Authors: Patrick Flanery
Tags: #Psychological, #Cultural Heritage, #Literary, #Fiction
‘I was hoping you might be able to tell me something about Laura.’
When Lionel hears it again the name seems to hit him like a bullet: his chest deflates and all the animation in his face dies; his body becomes rigid as he turns away from me to shuffle the countless piles of paper on his desk. My entrance into this space is somehow a transgression that I didn’t intend. I want to go, and I can see that Lionel needs for me to go.
‘Yes, of course you would. I’m afraid I have these interviews just now, so you’ll really have to excuse me. Perhaps we can take this up again at another point. I’m sorry I can’t talk now.’
I invite him to dinner but he’s going away for the holidays and says I should phone him in the New Year. I know he’s trying to give me the brush-off. I resolve not to give up, no matter how long it may take.
Tonight Sarah and I go to a busy restaurant at the mall in Rosebank and get a table outside where we can watch the foot
traffic. We place our order, but then decide we want cocktails instead of wine so I go inside to the bar. There are half a dozen wait staff running around – too many of them for the small space at the cash register behind the bar, and too few of them for all the patrons in the restaurant at this hour. I change the order and decide to wait while the bartender makes the drinks. There’s a young woman behind the cash register who looks shyly at me, and then smiles. Without thinking, I smile back and as soon as she sees me smile she returns the smile, looking ecstatic, but then she winces and swoons, like she could die from embarrassment, spinning around and sinking below the bar. Her co-workers look at her and pull her up and look at me and ask the woman what’s going on. She shakes her head and disappears into the kitchen.

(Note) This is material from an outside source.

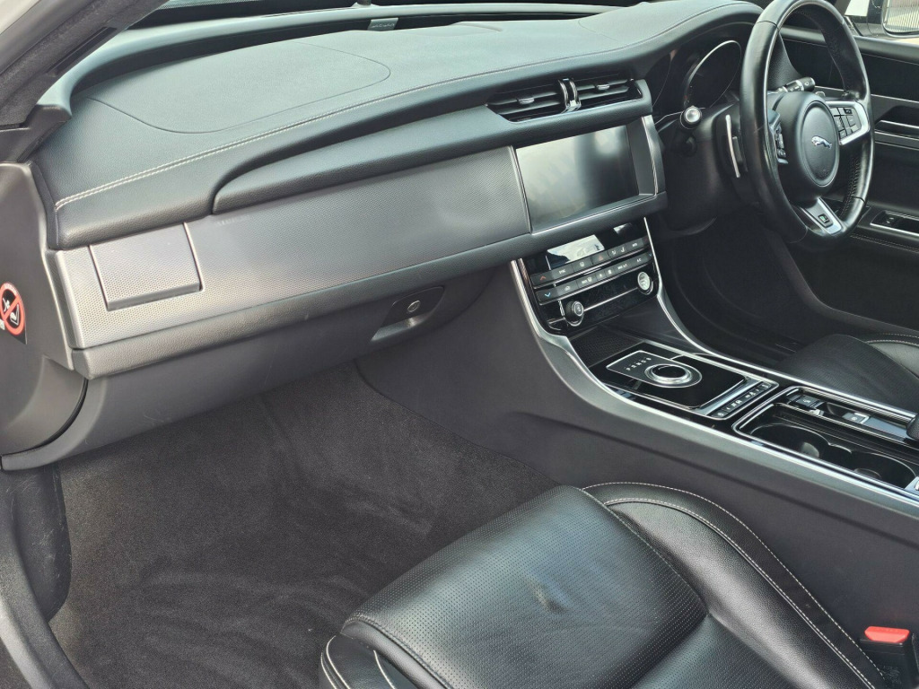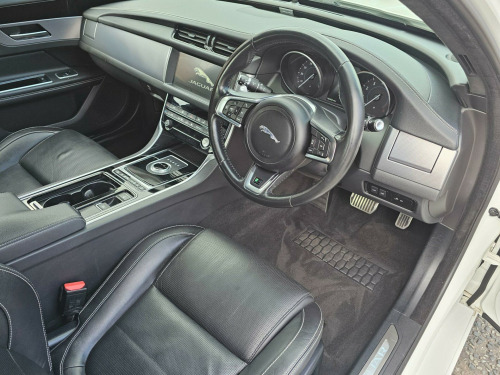 THIS GOOD CONDITION & RARE PETROL-POWERED JAGUAR XF R-SPORT IS PRESENTED IN WHITE WITH CHROME ACCENTS, R-SPORT BODY MOULDINGS AND 18'' ALLOYS . THE RELIABLE, ECONOMICAL YET POWERFUL 2.0I ENGINE IS CONNECTED TO AN AUTOMATIC GEARBOX MAKING FOR A GREAT DRIVE WHETHER AROUND TOWN OR ON THE MOTORWAY AND THE TIMING CHAIN HAS BEEN REPLACED BY US, WITH A NEW FULL TIMING CHAIN KIT. THE PLUSH INTERIOR CONTAINS FULL BLACK LEATHER SEATS (HEATED FRONT) AND BLACK DOOR TRIM WITH BRUSHED CHROME WITH PIANO BLACK INLAYS TO THE CENTRE CONSOLE. EQUIPMENT INCLUDES A 7'' COLOUR DISPLAY GIVING ACCESS TO THE SAT-NAV, BLUETOOTH TELEPHONE AND AUDIO STREAMING, DAB RADIO VIA THE JAGUAR AUDIO SYSTEM WHICH INCLUDES APPS AND WIFI ETC. FURTHER EQUIPMENT INCLUDES AUTO XENON HEADLIGHTS, FRONT & REAR PARKING AID, MOOD LIGHTING, STAINLESS STEEL PEDALS, LOTS OF ACTIVE AND PASSIVE SAFETY SYSTEMS TO KEEP YOU SAFE ON THE ROAD WITH EVEN MORE TO BE DISCOVERED. WE HAVE FULLY INSPECTED AND SERVICED THIS CAR, SO THE ONLY ISSUE FOR ITS NEW OWNER WILL BE WHERE THE NEXT TRIP SHOULD BE. PLEASE CALL 0161 761 3452 (OPTION 2) TO ARRANGE A VIEWING, TO RESERVE THE CAR OR FOR MORE INFORMATION. WHILST EVERY EFFORT HAS BEEN MADE TO ENSURE THAT THE STATED SPECIFICATION IS ACCURATE, PLEASE CHECK WITH A MEMBER OF THE SALES TEAM IF A PARTICULAR SPECIFICATION/FEATURE IS IMPORTANT TO YOU.. 10in Touch Pro, 12V Sockets in Front and Rear, 18in Alloy Wheels - 5 Split-Spoke Style 5033, 2-Zone Climate Control, 25t Badge, 3 Rear Headrests, 3-Flash Lane Change Indicators, 5in Display with Instrument Panel, 8-Way Manual Front Seats with Electric Recline, ABS - Anti-locking Braking System, ASPC - All Surface Progress Control, Acoustic Laminated Windscreen, Airbags - Front Side, Airbags - Full Length Side Window Curtain, Ambient Interior Lighting, Analogue Dials with Central TFT Display, Auto-Dimming Interior Rear View Mirror, Automatic Headlights, Autonomous Emergency Braking, Aux Input and USB Socket, Bluetooth Audio Streaming, Bluetooth Telephone Connectivity, Body-Coloured Extended Side Sills, Brake Pad Wear Indicator, Bright Metal Pedals, Centre Console with Storage and Armrest, Chrome Seat Switches, Connect, Cruise Control with Speed Limiter, Dark Morse Code Aluminium Instrument Panel Finisher, Deployable Front Air Vents, Digital Audio Broadcast - DAB - Radio, Dynamic Stability Control and Traction Control, Dynamic Volume Control, ECO Driving Style Assistant, EPAS - Electric Power Assisted Steering, EPB - Electronic Parking Brake - Drive Away Release, Ebony Suedecloth Headlining, Electric Windows - Front and Rear with One-Touch Open-Close and Anti-Trap, Emergency Braking, Fixed Rear Seat, Front Airbags with Passenger Seat Occupant Detector, Front Door Storage Space, Front Parking Aid, Gear Shift Change Paddles, Gloss Black Side Window Surround, Gloss Black Trim Finisher, Grained Black Radiator Grille with Satin Chrome Surround, Hazard Lights Under Heavy Braking, Headlight Power Wash, Heat Insulating Glass, Heated Door Mirrors, Heated Front Seats, Heated Rear Window, Hill Launch Assist, Hooks in Loadspace, ISOFIX Rear, Illuminated Metal Treadplates with Brand-Name Script, InControl Apps, InControl Remote Premium for Warranty Period, InControl Remote and Apps, InControl WiFi, Interior Lighting, Jaguar Script and Leaper, Jaguar Smart Key System with Keyless Start, Jaguar Sound System, JaguarDrive Control, Lane Departure Warning, Loadbay - Luggage Tie Downs, Lockable Glovebox, Locking Wheel Nuts, Luxtec Wrapped Instrument Panel Topper, Navigation Pro, Outside Temperature Gauge, Overhead Lighting Console, Overhead Stowage for Sunglasses, Partial LED Rear Lights, Passive Front Head Restraints, Pedestrian Contact Sensing, Perimeter Sensing Alarm and Immobiliser, Power Operated Child Locks, Premium Carpet Mats, Pro Services and Wi-Fi Hotspot, Protect, R-Sport Body Kit, R-Sport Branded Soft Grain Leather Steering Wheel, R-Sport Front Bumper, Rain Sensing Windscreen Wipers, Rear Air Vents, Rear Armrest with Twin Cupholders, Rear Door Storage Space, Rear Parking Aid, Remote Control Central Locking with Dead Locking and Drive-Away Locking, Remote Premium, Satin Chrome Side Vents with R-Sport Badge, Satin Chrome Tailgate-Boot Lid Finisher, Seat Belt Reminder, Sports Suspension, Start Up Sequence with Movement - Dials and Lighting, Steering Wheel - Multi-Function, Sun Visor with Illuminated Vanity Mirrors, Tailgate - Boot Lid Spoiler, Tinted Glass, Torque Vectoring, Traffic Sign Recognition with Adaptive Speed Limiter, Trailer Stability Assist, Twin Front Cupholders, Tyre Pressure Monitoring System, Tyre Repair System, Voice Control, XF Badge, Xenon Headlights with LED Signature, 10in Touch Pro Dual View.

I take the drinks back out to Sarah.
‘Cheers,’ she says, clinking her glass against mine. ‘What just happened there? All you did was smile and the girl acted like you’d presented her with a diamond ring or something.’
‘I don’t know. Most whites look through blacks. Security guards. Servers. Clerks. You get what you give. I smiled back, and maybe it was the first time a young white guy ever did that to her.’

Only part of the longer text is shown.